Взрыв агрессии Похитителя прошел так же быстро, как и возник. Он подошел ко мне, начал трясти за плечи, попытался поднять мои руки и пощекотать. «Ну перестань, мне очень жаль, — говорил он, — ничего же не случилось!» Я все так же стояла с закрытыми глазами. Он ущипнул меня за бок и пальцем оттянул уголок моего рта наверх. Вымученная улыбка, в самом прямом смысле этого слова. «Ну, улыбнись. Мне очень жаль. Что мне сделать, чтобы ты улыбнулась?»
Я не знаю, сколько я так простояла, безразлично, молча, с закрытыми глазами. Но в конце концов детский прагматизм одержал верх. «Я хочу мороженого и конфет!» С одной стороны, я использовала ситуацию, чтобы получить сладости. А с другой, — с помощью этого требования я хотела придать случаю меньше значения, чем он имел на самом деле. Мороженое я получила сразу, а конфеты вечером. Он снова заверял, что ему очень жаль и что такого больше никогда не повторится — точно так же, как любой муж-буян каждый раз заверяет в этом своих жену и детей.
Но с момента, как его поезд первый раз сошел с рельсов, все табу были сняты. Жестокое обращение стало каждодневной нормой. Я не знаю, какой выключатель тогда щелкнул, или просто Похититель убедился, что в своем всесилии может позволить себе все, что угодно. К этому времени мое заточение длилось уже больше двух лет. Похитителя не поймали, он держал меня под таким контролем, что я и не помышляла о бегстве. Кто мог проконтролировать его поведение? По его мнению, он имел на это право — предъявлять мне требования и физически наказывать, если я их не выполняла.

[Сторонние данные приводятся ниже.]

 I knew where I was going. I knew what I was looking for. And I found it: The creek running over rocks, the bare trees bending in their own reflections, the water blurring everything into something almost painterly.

С этого момента на любую оплошность он реагировал дикими припадками ярости. Через несколько дней после случая с мешком цемента он попросил меня подать ему гипсоволоконную плиту. По его мнению, я была слишком медлительной, он схватил меня за руку и, вывернув, с такой силой провел ею по гипсоволокну, что на тыльной стороне кисти появился ожог, не заживавший долгие годы. Похититель каждый раз заново бередил рану — о стену, о плиты из гипсокартона. Даже о гладкую поверхность умывальника он умудрялся так безжалостно стереть мою руку, что сквозь кожу проступала кровь. До сих пор на этом месте на моей правой руке осталось шершавое пятно.

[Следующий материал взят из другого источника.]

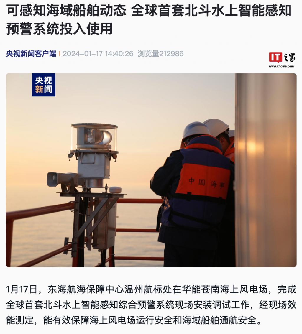 IT 之家 1 月 17 日消息,据央视新闻消息," 东海航海保障中心温州航标处 " 今天在华能苍南海上风电场完成了全球首套 " 北斗水上智能感知综合预警系统 " 现场安装调试工作。

Когда я в следующий раз не сразу отреагировала на его указание, он целенаправленно кинул в меня ковровым ножом. Острейшее лезвие, разрезающее ковер как кусок масла, вонзилось мне в колено и застряло в нем. Мою ногу обожгла такая дикая боль, что мне стало плохо. Я чувствовала, как по ноге струится кровь. Увидев это, он заорал как невменяемый: «Прекрати! Ты оставишь пятна!» После этого схватил меня в охапку и потащил в ванную комнату, чтобы остановить кровотечение и перевязать рану. Я находилась в полном шоке и еле могла дышать. Похититель раздраженно плеснул мне в лицо холодной водой и потребовал: «Прекрати выть!»
Позже я снова получила мороженое.
Вскоре он начал бить меня и во время работы по дому. Расположившись в своем кожаном кресле и наблюдая, как я на карачках мою пол, он комментировал каждое мое движение издевательскими замечаниями: «Ты тупая даже для уборки». «Ты же не в состоянии нормально оттереть пятно».

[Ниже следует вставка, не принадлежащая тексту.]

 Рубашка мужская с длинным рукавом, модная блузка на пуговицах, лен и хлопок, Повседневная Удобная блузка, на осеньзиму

Молча уставившись в пол, я внутренне кипела, а внешне убирала с удвоенной энергией дальше. Но и этого было недостаточно. Внезапно на меня начинали градом сыпаться неожиданные пинки в бока или по ногам. До тех пор, пока все не начинало сверкать.
Как-то раз, когда мне было тринадцать лет, я недостаточно быстро вымыла кухонную плиту. Похититель сильно пнул меня в копчик, я отлетела и ударилась об ее угол. Да так, что у меня на бедре лопнула кожа. Несмотря на хлещущую кровь, он отправил меня в подвал, не дав пластыря и не наложив повязку, раздраженный видом зияющей раны. Потребовались недели, пока она зажила, еще и потому что в кухне он каждый раз толкал меня на углы. Неожиданно, мимоходом, целенаправленно. И снова лопалась тонкая кожа, затянувшая было рану на бедре.
Он совершенно не выносил, если я плакала от боли. Тогда он хватал меня за руку и тыльной стороной ладони грубо стирал слезы с моего лица, пока я не замолкала от страха. Если же это не давало результата, то он, сдавливая пальцами мою шею, тащил меня к мойке и окунал головой в умывальник. Сжимая пальцами трахею, он грубо тер мое лицо холодной водой, пока я почти не теряла сознание. Он не любил сталкиваться со следами нанесенных им побоев. Слезы, синяки, кровоточащие раны — ничего этого он видеть не хотел. А если не видно, значит, ничего не случилось.
Побои, которыми он меня осыпал, не были систематическими, чтобы я могла определенным образом к ним подготовиться. Они возникали внезапными вспышками, становящимися все более жестокими. Возможно, переступив следующую границу, он еще раз убеждался, что наказание ему не грозит. Возможно, он не мог иначе, как только все сильнее сжимать спираль насилия.
Я думаю, это время я пережила только потому, что научилась отделять от себя подобные прецеденты. Не вследствие сознательного решения, какое принял бы взрослый человек, а благодаря детскому инстинкту выживания. Я покидала свое тело, когда Похититель над ним глумился, и издалека наблюдала над тем, как лежащую на полу двенадцатилетнюю девочку обрабатывают пинками.
До сих пор я вижу эти вспышки агрессии как бы со стороны, будто они были направлены не на меня, а на кого-то другого. Я до сих пор чувствую боль, раздиравшую меня во время ударов и боль, долго сопровождавшую меня потом. Я помню и то, сколько у меня было синяков и кровоизлияний — не было ни одной позы, в которой я могла бы лежать, не испытывая мучений. Я вспоминаю о страданиях, преследующих меня несколько дней, и о том, как долго болела лобковая кость после удара по ней. О ссадинах, о рваных ранах. И о хрусте шейных позвонков, когда он со всей силы ударил меня кулаком по голове. Но эмоционально я не испытываю ничего.